Because almost every neighborhood in New Orleans had things in common. Most had some blocks of baronial splendor and even more blocks of what looked like servant quarters. And each neighborhood had its old houses; houses, like people, had to learn to substitute wisdom and character when beauty bowed out, and many did.

And the people: Everywhere were every kind of people, much like Camus writing of his native North Africa: "you become aware of the simultaneous passing of every skin from white to gold, then to brown, and finally to tobacco color, the ultimate effort of transformation of which the body is capable."

You saw them all in the neighborhood. At the Escorial Show, or Sugarmann's Dry Goods or Gerson's Clothing or Dutch's Barbershop or Kleinpeter's Grocery or Bizot's Beer Garden or sashaying around with a parasol or sitting on a stoop chewing Brown Mule.

They were all known by you.
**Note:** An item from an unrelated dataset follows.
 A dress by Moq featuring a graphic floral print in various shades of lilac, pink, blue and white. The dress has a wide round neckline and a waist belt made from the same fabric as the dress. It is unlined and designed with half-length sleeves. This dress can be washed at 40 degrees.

Not like today, when half the people don't know their neighbors' names; you saw those people, heard them, touched them, even smelled them.

So much has changed, but maybe even more has not. There is still a Lakeview and a Lower Ninth and a Back o' Town. Maybe a little different, but differently the same. The poetry of the place is still cynical and still childish, and it still makes you wonder.
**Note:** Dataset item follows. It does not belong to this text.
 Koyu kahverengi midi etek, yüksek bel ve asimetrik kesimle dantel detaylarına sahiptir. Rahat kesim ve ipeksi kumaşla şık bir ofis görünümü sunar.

Half a man's life is devoted to getting out of the neighborhood and half of what remains is devoted to longing for what's left behind.

"I talk with it, I sing with it, I see, taste and feel with it, I know why I want to keep it." -- Carl Sandburg, "Style."

Yep. In New Orleans, your sense of style more often than not came from your neighborhood. Each separate place suffered under the same burdening sun and bore its suffering with the same placid grandeur.

But each neighborhood had its own style, its own way of anchoring those who lived there, its distinctive claim to your loyalties and your soul. You are not alone and forgotten. There are names and dates in your life that matter. You are somebody. We're your neighbors. Comic, beautiful. Defeated, but never ready to yield, always ready to change the rules of the game. You are where you live. Or where you have lived. And that is the best thing about your neighborhood and mine. Not that it's near this busline or that school, not that its gingerbread is well-preserved or its parade well-practiced. Not them alone. But together they can be counted as places of certainty, predictability, privacy. Together they can be counted neighborhoods.